EXERCISE
Set down each entry below exactly as written, keeping the pictures out.

RECORDED DATA
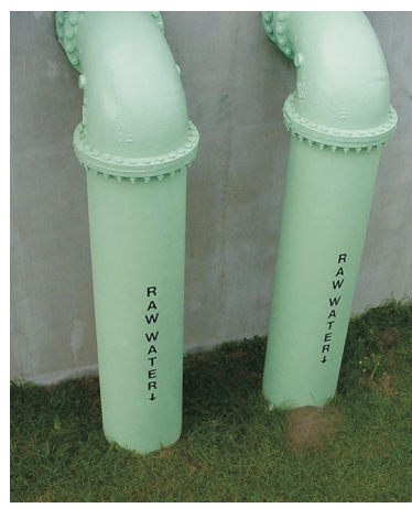
Influent lines at the Peace River Regional Water Treatment Plant in DeSoto County.

Contaminants originate from a wide variety of sources—farming, mining activities, gas stations, septic systems, leaky underground storage tanks, suburban lawns, wildlife, and many other sources. Contaminants seep into ground or surface water in storm water runoff and domestic and industrial wastewater discharges. Some contaminants, like inorganic and radioactive compounds, can also occur naturally in the soil and rocks with which water comes in contact.
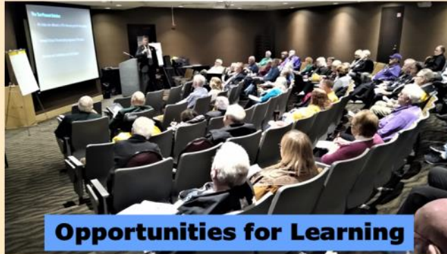
Opportunities for Learning

It's not too early to start planning for 2024. Mark your calendar now for the 2024 Mid-Winter Conference.
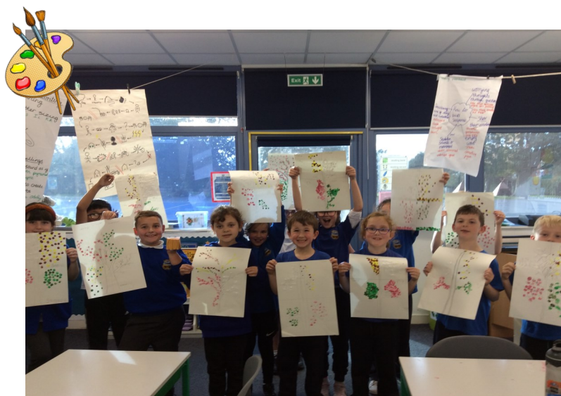
Miss Cable's Art Club during Term 4
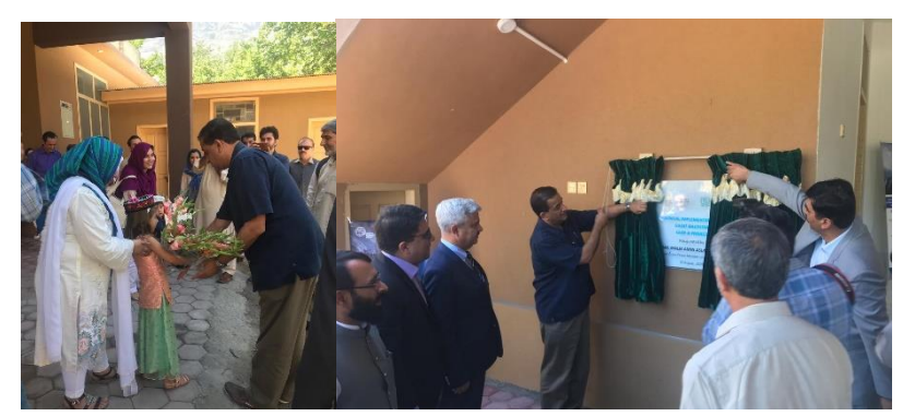
Deputy GLOF II Project office Launch, Gilgit

On 23<sup>rd</sup> August 2019, Advisor Prime Minister to inaugurated the GLOF II project office in Gilgit accompanied by Chief Secretary GB, Additional Chief Secretary Development GB, Secretary Home, Secretary Forest and Wildlife GB. Commissioner Gilait Division,
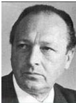
Lyubomir Pipkov ((1904-1974)
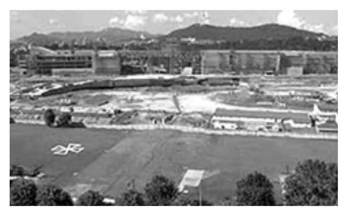
The USFK helicopter pad in Yongsan was located right next to the National Museum of Korea under construction.

After almost seven years of negotiations on the relocation of the helicopter pad, Seoul and Washington finally agreed in May 2004 to move it a
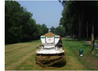
The sand is spread out using our top-dressing machine. The same process is done to both greens and tees.

Top dressing is spreading an even coating of sand to fill the holes and smooth the surface. We have our sand tested to make sure it is compatible with our soil types and doesn't contain silt.
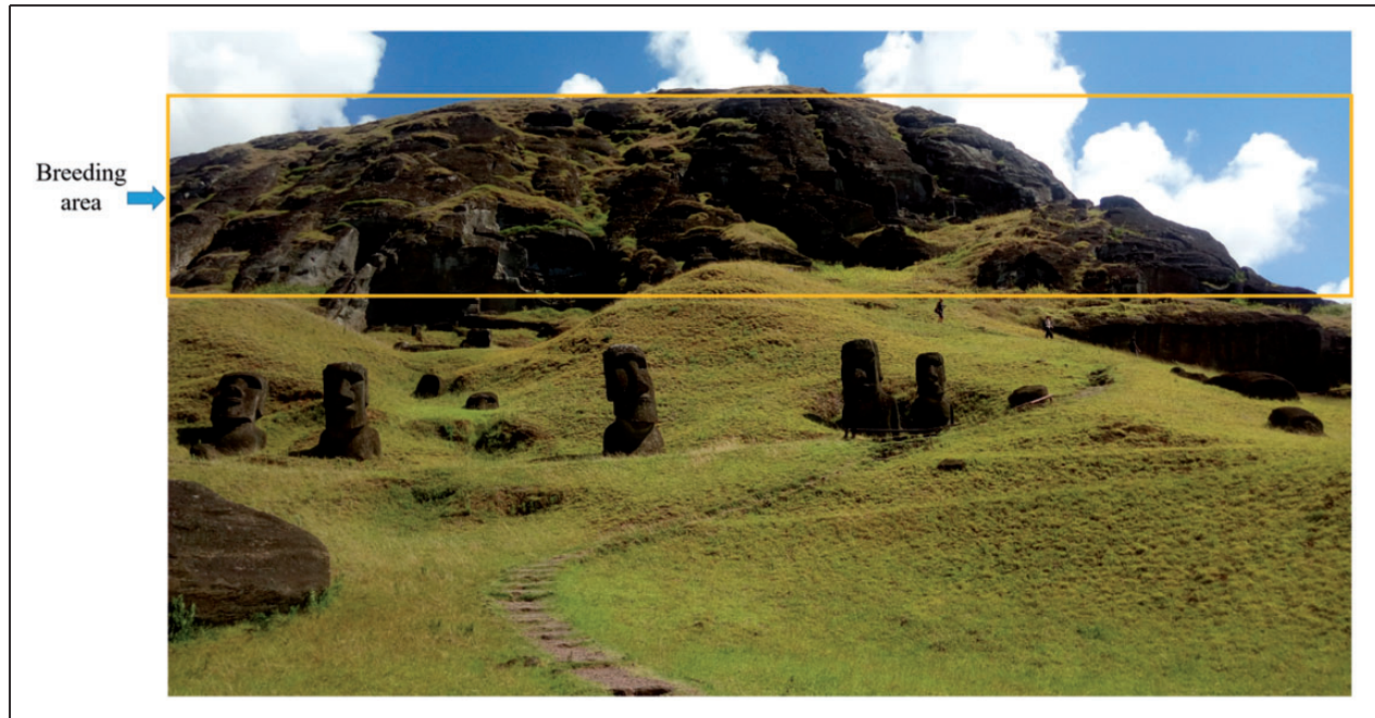
Figure 1. Rano Raraku volcano at Rapa Nui. The square indicates part of the breeding area that was surveyed and where experimental eggs were placed at empty red-tailed tropicbird nests.
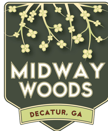
Midway Woods house flag

If you'd like a full run-down of the association's 2020 financials, email us at treasurer@midwaywoodsassociation.org and we'll get that information to you.
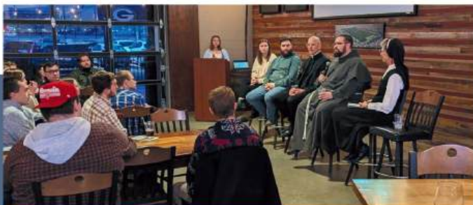
Theology on Tap Vocations Pannel, Green Bay, WI

Over the weekend of April 17-19, we held our first 'Come & See' weekend for 2026. Seven men were in attendance (one went home sick), and each expressed how much they enjoyed the experience and opportunity to engage with the community and learn more about the Franciscan life and our Province of St. Bonaventure. KEEP PRAYING FOR VOCATIONS!
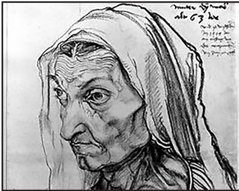
Albrecht Dürer 'Portrait of the artist's mother at age 63' (1514)

Some of the decline in life expectancy is attributable to Covid 19 and the increase in mortality between 2020 and 2022. But the life expectancy improvements have been slow for a decade and not just in the UK. The US has seen similar declines and, as two of the most unequal countries in the world, the UK and US compare unfavourably with other countries with similar levels of economic development.
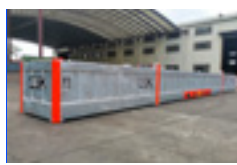
Cargo baskets - large With tie downs 40ft 4' x 40' x 4' 43ft 4' x 43' x 4' 46ft 4' x 46' x 4'
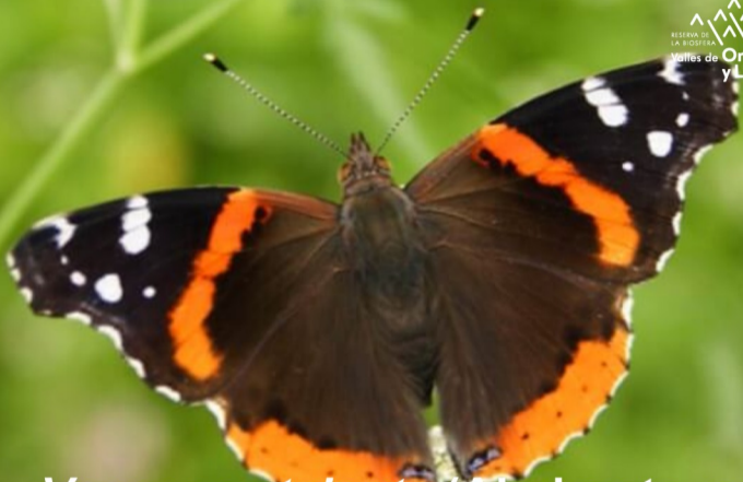
Vanessa atalanta (Almirante rojo)
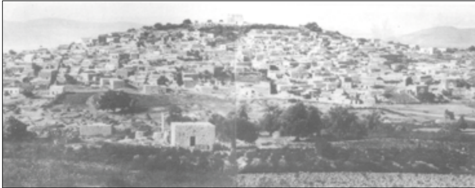
Saffuriyya in the 1940s.
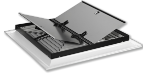
WITH BUTTERFLY DAMPER
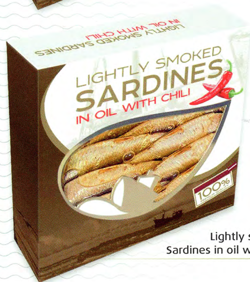
Lightly smoked Sardines in oil with chili 120 g
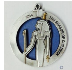
2014 – Maat 16 th in the series
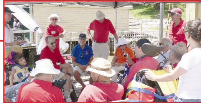
The results are announced
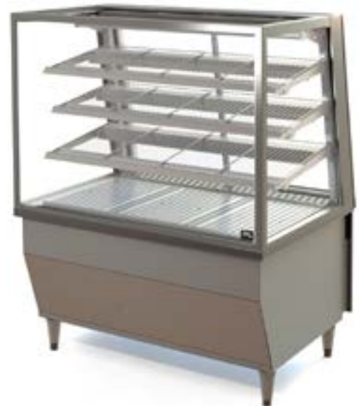
Showing : Inline 5000 Series heated 1200mm square freestanding fixed front

SOLUTION TO THIS TASK
Influent lines at the Peace River Regional Water Treatment Plant in DeSoto County.

Contaminants originate from a wide variety of sources—farming, mining activities, gas stations, septic systems, leaky underground storage tanks, suburban lawns, wildlife, and many other sources. Contaminants seep into ground or surface water in storm water runoff and domestic and industrial wastewater discharges. Some contaminants, like inorganic and radioactive compounds, can also occur naturally in the soil and rocks with which water comes in contact.
Opportunities for Learning

It's not too early to start planning for 2024. Mark your calendar now for the 2024 Mid-Winter Conference.
Miss Cable's Art Club during Term 4
Deputy GLOF II Project office Launch, Gilgit

On 23<sup>rd</sup> August 2019, Advisor Prime Minister to inaugurated the GLOF II project office in Gilgit accompanied by Chief Secretary GB, Additional Chief Secretary Development GB, Secretary Home, Secretary Forest and Wildlife GB. Commissioner Gilait Division,
Lyubomir Pipkov ((1904-1974)
The USFK helicopter pad in Yongsan was located right next to the National Museum of Korea under construction.

After almost seven years of negotiations on the relocation of the helicopter pad, Seoul and Washington finally agreed in May 2004 to move it a
The sand is spread out using our top-dressing machine. The same process is done to both greens and tees.

Top dressing is spreading an even coating of sand to fill the holes and smooth the surface. We have our sand tested to make sure it is compatible with our soil types and doesn't contain silt.
Figure 1. Rano Raraku volcano at Rapa Nui. The square indicates part of the breeding area that was surveyed and where experimental eggs were placed at empty red-tailed tropicbird nests.
Midway Woods house flag

If you'd like a full run-down of the association's 2020 financials, email us at treasurer@midwaywoodsassociation.org and we'll get that information to you.
Theology on Tap Vocations Pannel, Green Bay, WI

Over the weekend of April 17-19, we held our first 'Come & See' weekend for 2026. Seven men were in attendance (one went home sick), and each expressed how much they enjoyed the experience and opportunity to engage with the community and learn more about the Franciscan life and our Province of St. Bonaventure. KEEP PRAYING FOR VOCATIONS!
Albrecht Dürer 'Portrait of the artist's mother at age 63' (1514)

Some of the decline in life expectancy is attributable to Covid 19 and the increase in mortality between 2020 and 2022. But the life expectancy improvements have been slow for a decade and not just in the UK. The US has seen similar declines and, as two of the most unequal countries in the world, the UK and US compare unfavourably with other countries with similar levels of economic development.
Cargo baskets - large With tie downs 40ft 4' x 40' x 4' 43ft 4' x 43' x 4' 46ft 4' x 46' x 4'
Vanessa atalanta (Almirante rojo)
Saffuriyya in the 1940s.
WITH BUTTERFLY DAMPER
Lightly smoked Sardines in oil with chili 120 g
2014 – Maat 16 th in the series
The results are announced
Showing : Inline 5000 Series heated 1200mm square freestanding fixed front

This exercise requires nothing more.